Is Finding a Fault in a Domestic Central Heating System Like Finding a Software Bug?

In the middle of a kitchen refit, our central heating (CH) system started experiencing frequent drops in pressure that required refilling for re-pressuring the boiler. Such drops in pressure can be for several reasons, some trivial and some serious and it is important to find the root cause (more on this later). Investigation for the more serious reasons requires professional expertise and expensive tools. Realistically, only airlocks are fixable by the average householder.

As noted above, the manifestation of the problem is a pressure drop leading to the boiler switching off (safety) leading to a cold house and a disgruntled householder.

Faults and the Central Heating System

Reasons for a loss of pressure are attributed to the following categories of causes: (Any simple web search will expose these reasons).

  1. Boiler faults such as faulty pressure release valves; faulty heat exchanges; faulty expansion vessels, faulty auto air vents.
  2. Air locks in the system.
  3. Water leaks such as leaking radiator valves, leaking radiators or leaking pipes.

The CH system is a fairly simple component-based system that can be described by the following UML conceptual model (Figure 1).

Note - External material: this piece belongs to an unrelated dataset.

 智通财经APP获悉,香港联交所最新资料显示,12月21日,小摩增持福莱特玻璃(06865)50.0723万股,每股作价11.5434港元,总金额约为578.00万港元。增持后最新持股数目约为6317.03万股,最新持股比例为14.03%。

Figure 1. Conceptual Model

The CH system comprises the following components: The boiler; radiators, a hot water tank, a set of hot water supply taps (for sinks etc) and a pipe network that connects these components. Two start pipes connected to the boiler supply hot water to the radiators and to the hot water tank. A connector (pipe) between two components (e.g. radiator) is conceptually a single pipe but may be composed of a several pipe lengths that are joined. A join is of course, potentially, a source of a leak.

The state of the CH system can be represented by the simple state model of the system shown in Figure 2. The states are important as root cause investigation steps are dependent upon the state of the CH system.

Figure 2. CH State Model

The Tools and Techniques of Leak Detection

When the Leak Investigation team arrives, they come with a set of tools:

  1. Thermal imaging cameras for following heat trails.
  2. Damp detection toolkit.
  3. Oxygen supply and “Stethoscopes” for listening for air bubbles.
  4. Hydrogen supply and Gas detection tools.

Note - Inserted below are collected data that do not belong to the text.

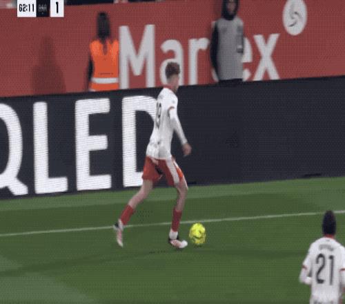 下半場開始后,巴薩繼續(xù)猛攻,第58分鐘,亞馬爾將球傳到后點(diǎn),拉菲尼亞的射門打在林孔的頭上出了底線,拉菲尼亞無奈苦笑。
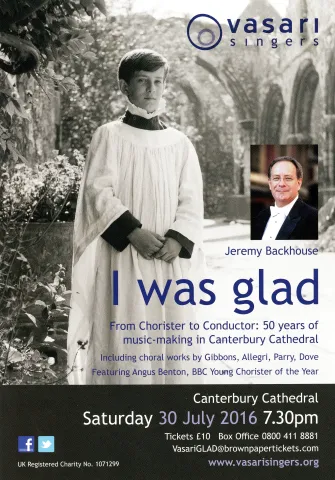 From Chorister to Conductor: 50 years of music-making in Canterbury Cathedral. Picture of JB as chorister and now. Vasari poster
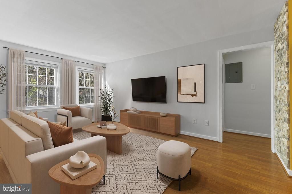Welcome to Frederick’s Court Condominium, ideally located in highly walkable South Arlington. This updated 2-bedroom, 1-bath home offers 835 square feet of comfortable, open living space. Step inside to find a spacious living room w/ distinctive stone accent walls leading into the Dining Room. The bright, updated kitchen is both stylish and functional, featuring a gas range with hood, granite countertops, custom white cabinetry, a classic subway tile backsplash, and stainless-steel appliances. The renovated bathroom includes a sleek glass sliding door for the tub and shower. Both bedrooms are generously sized and feature vinyl plank flooring, ample closets, and additional wardrobe units that convey with the home. Perfectly positioned for commuters, this condo offers easy access to I-395, Routes 50 and 66, and the Beltway. You’ll also enjoy being close to a wide range of shopping, dining, and everyday conveniences. Just steps away, the Arlington Mill Community Center offers fitness facilities, group classes, and recreational programs as part of Arlington County Parks and Recreation. And minutes to Shirlington Village and Seven Corners that offer tons of shopping, dining and entertainment options. A well-appointed home in a location that truly connects you to everything South Arlington has to offer

They also have a specific plan of ordered tasks that requires the heating system to be in specific states. Before arrival, they expect that the heating system is set to run. This is important as they need to map out the routing of the pipes across the residence. In effect they are documenting the system architecture.

They then perform a visual inspection of the system by which they establish the size of the CH system and also look for very obvious leaks. (householder should already have done this before calling out these very expensive people!).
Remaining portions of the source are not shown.